The Chinese imposition of tariffs occurs as US wine imports to China are beginning to grow. According to Chinese customs figures, the domestic value of US wine increased by 44% between 2016 and 2017 and the volume of US wine imported into China declined by 1.06%, which is half the decline seen between 2015 and 2016. Overall, the US retained its status as China’s sixth largest wine importer. The figures imply Chinese consumers are moving towards purchasing more expensive, premium wine brands.

The US trade association Wine Institute estimated that the value of US wine exports to China totalled $210m in 2017, an increase of 10% on the previous year.

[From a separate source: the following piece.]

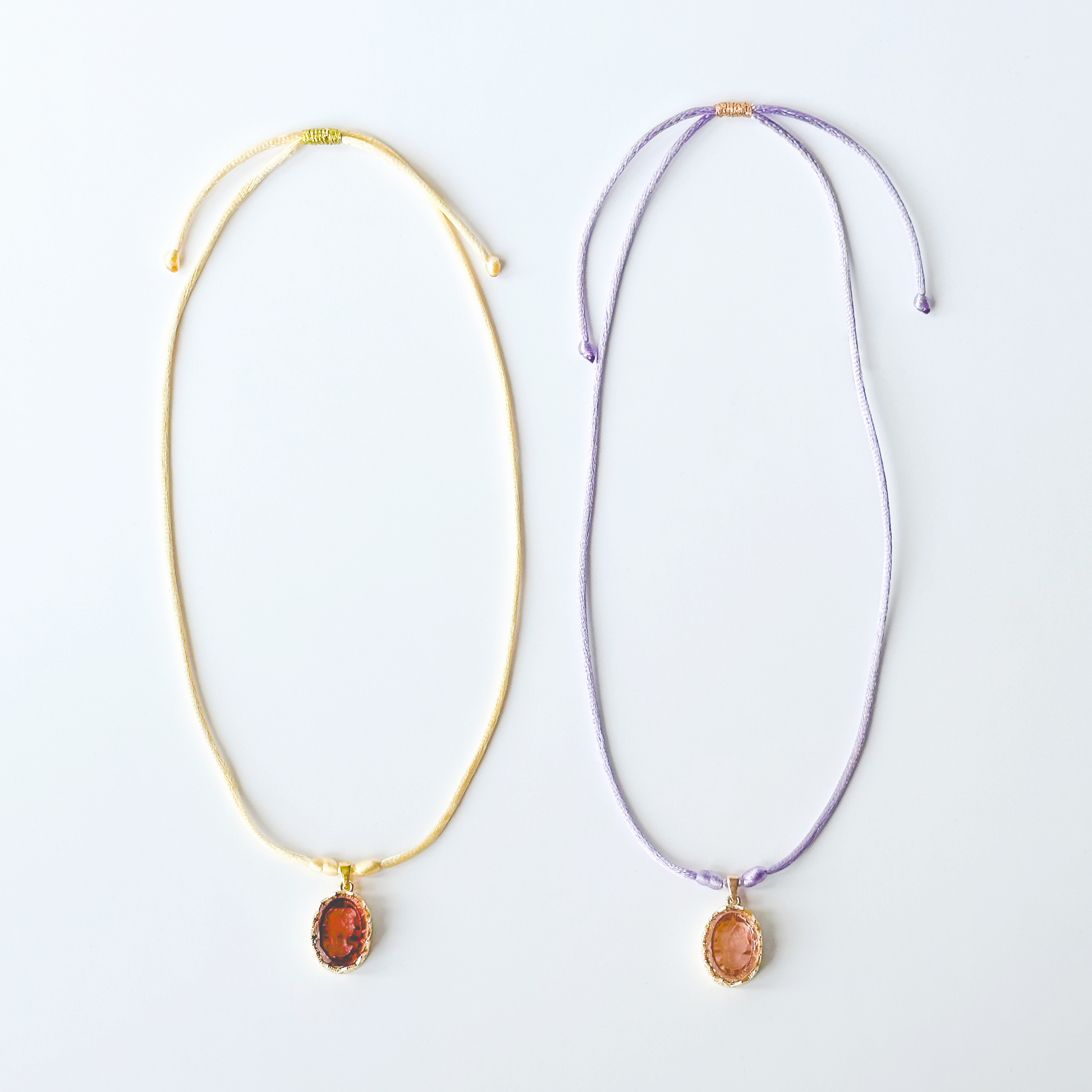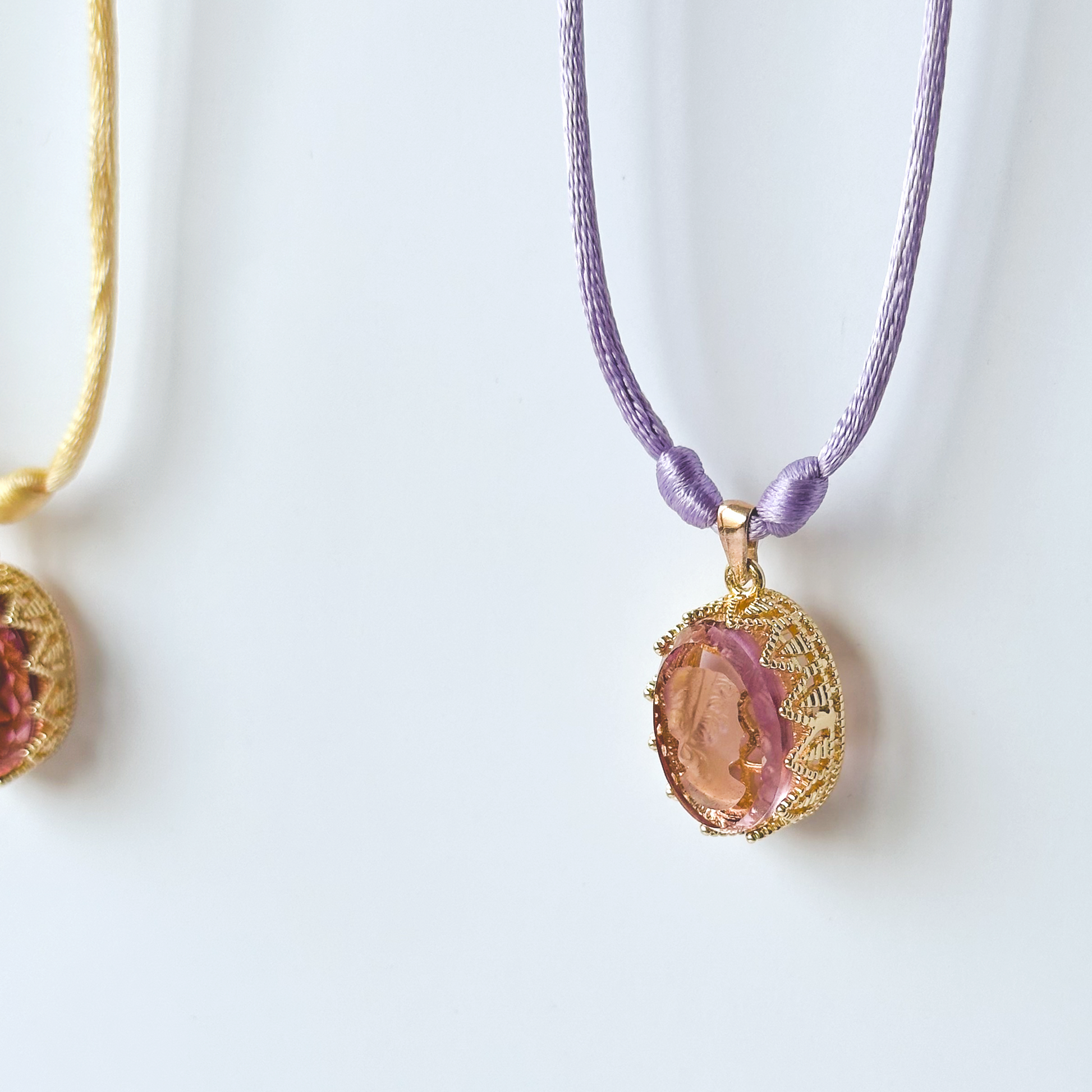- Materials: Vintage German glass intaglios (cameos), satin nylon cords, metallic polyester thread, gold plated sterling silver and brass components

Australia remained China’s second largest wine importer. It saw a 33.3% increase in volume and a 25.8% rise in value in 2017. Australia’s share of the Chinese wine import market is set to increase further as a result of China reducing import tariffs on the country’s wine products from 14% to 2.8% in January 2018 and the declared aim of continuing to reduce duties to zero by 2019 as a part of a bilateral trade deal.

Wine Institute trade director for China and the Pacific Rim Christopher Beros explained the growth in US wine exports to China, saying: “China has a rapidly growing middle class that is travelling outside the country and adopting many western tastes and lifestyle preferences. Consumption of imported wine has increased 2.5 times in the last five years on the Chinese mainland. We expect this trend to continue for the foreseeable future.”

Other industries and products targeted by the Chinese retaliatory tariffs are fresh fruit, ginseng, recycled aluminium, dried fruit and nuts, steel pipes and US pork.